The surgeon stood on the right side of the patient. A marked line was drawn along the middle line of the pedicle of the vertebrae. Another marked line was drawn along the spinous processes, interlaminar foramen could be marked with a circle zone and a parallel line was drawn along the intervertebral disc (Figure 2). Two points, 1.5 cm (1.0 cm for cervical) above and below the disc lower level at the inner edge of the pedicular line, were used as the body surface positioning points of the view portal and work portal, respectively. If the patient is obese or requires the use of pedicle screws, the 2 incisions should be wider and placed laterally from the midline (lateral line of the pedicle).

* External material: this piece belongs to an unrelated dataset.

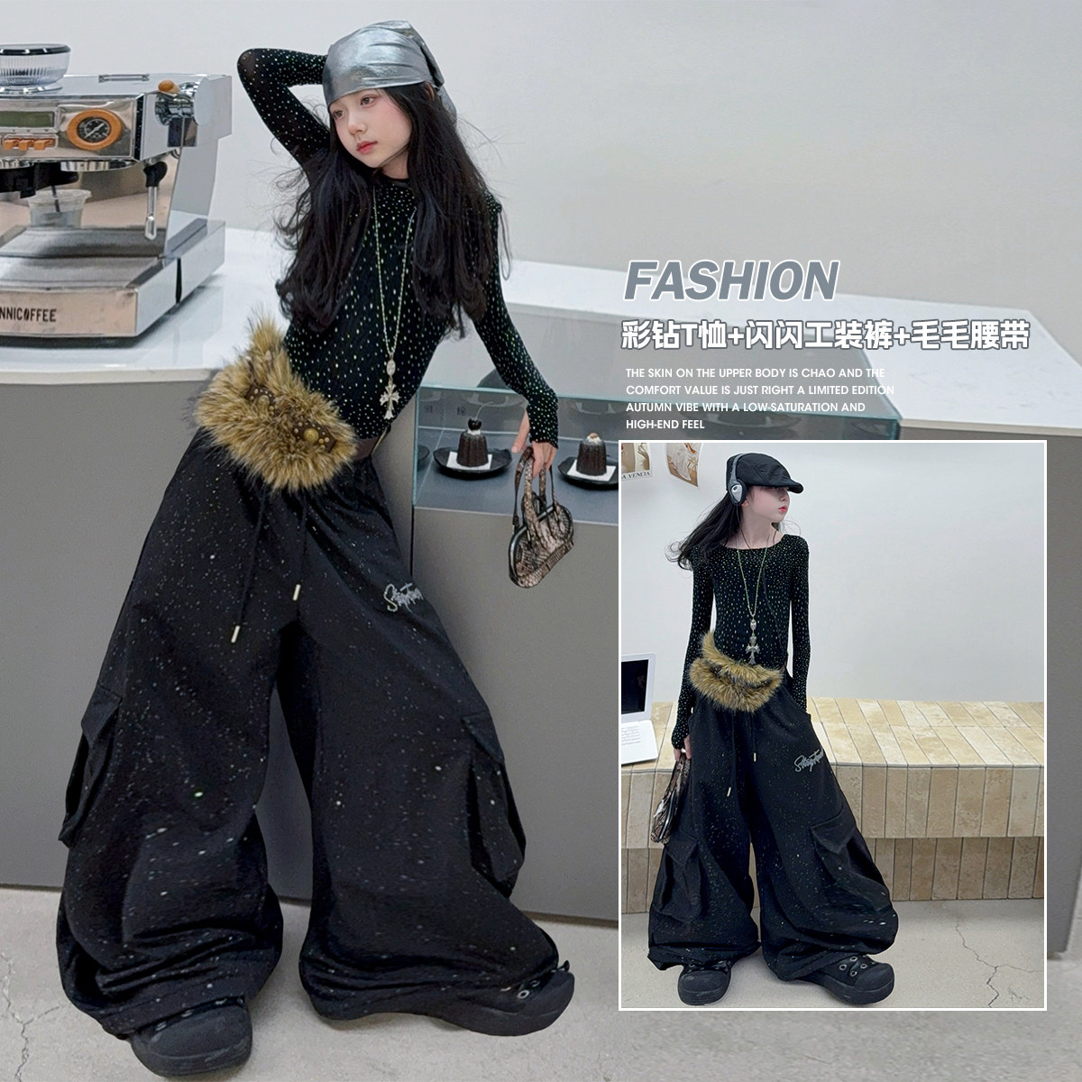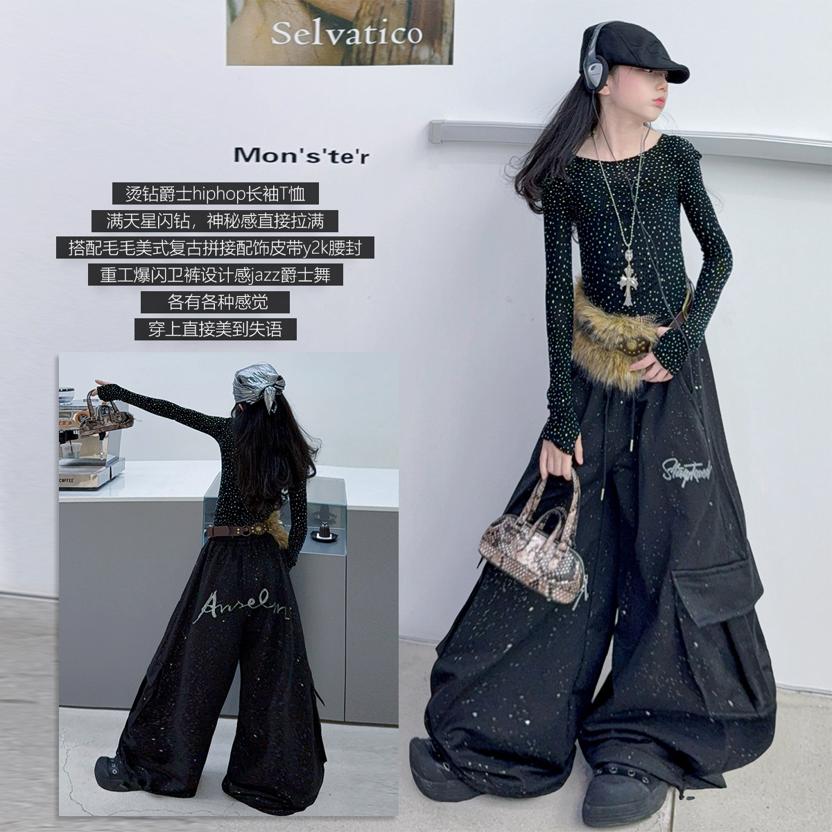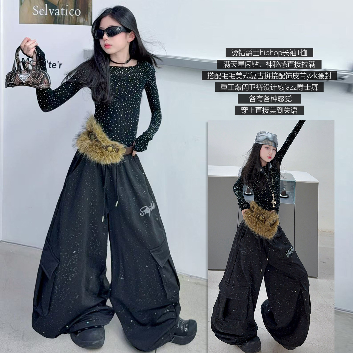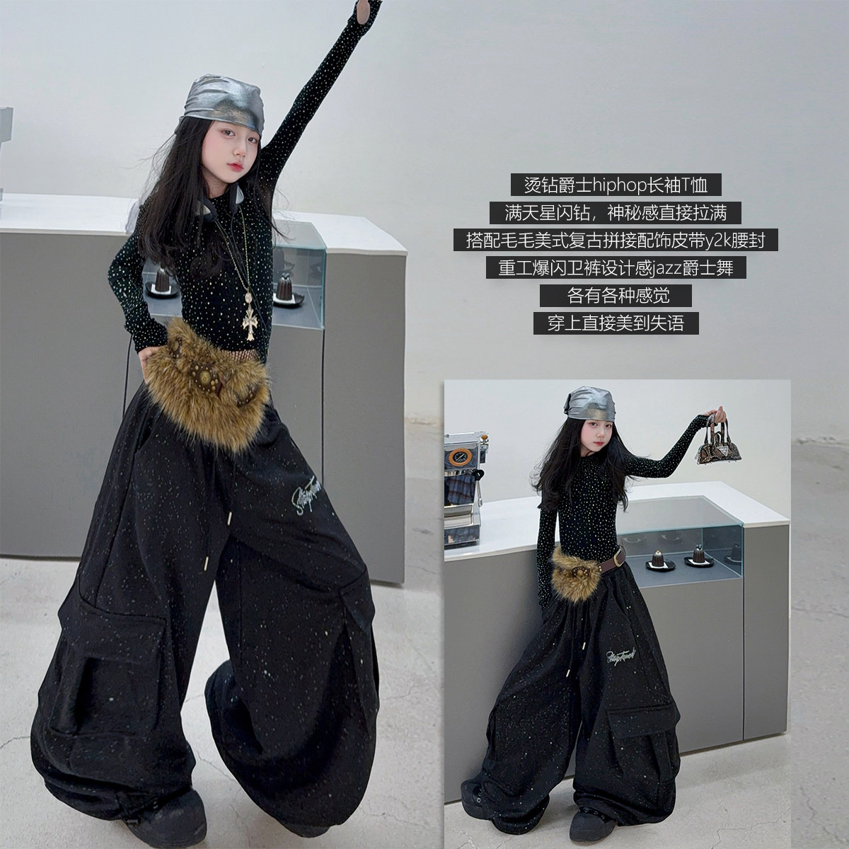 📚 爵士舞服装女童潮酷时髦儿童走秀服露脐烫钻辣妹装少儿演出服jazz

3.After Sterilizing and Covering Drapes

Under the guidance of C-arm fluoroscopy, 2 longitudinal skin incisions were made to form the view (caudal side) and work (cranial side) portals. The length of the skin incision was about 0.5–0.7 cm for view portal and 1.0 cm or larger for work portal so that the endoscope and instrument can be inserted properly, the saline flow can be maintained smoothly and the complete tumor mass can be removed easier. For cervical lesions, a deeper incision through layers of fascia is necessary and feel the feedback of resistance to avoid piercing the interlaminar space. The trocar with sleeve was inserted into the caudal incision (view portal) toward the interlaminar foramen and through the subcutaneous tissue, and fascia layer. The guide rod (or obturator) was inserted into the cranial incision (work portal) through the subcutaneous tissue, and fascia layer, too. Fluoroscopy determined that the 2 positioning of sleeve and rod, crossed at the above of LF of interlaminar foramen. Serial dilators were used to separate the back muscle and enlarge the work portal. A 30° endoscope, with 2.7 mm in diameter for cervical spine and with 4 mm for thoracic and lumbar spine, was inserted through the view portal. The irrigation system was connected to the sleeve and turned on for continuous irrigation. A natural gravity irrigation system (about 70–100 cm above the table) or pumping system (with pressure 30-40 mmHg) was used for continuous saline irrigation. The plasma radiofrequency (RF) wand was inserted through the work portal to create a small space enough to avoid obscuring the view of endoscope on the interlaminar surface and control bleeding so as to ensure the clarity of the surgical field. A blurred surgical field can cause neural structure injury, so it is important to maintain a clear view of the surgical field.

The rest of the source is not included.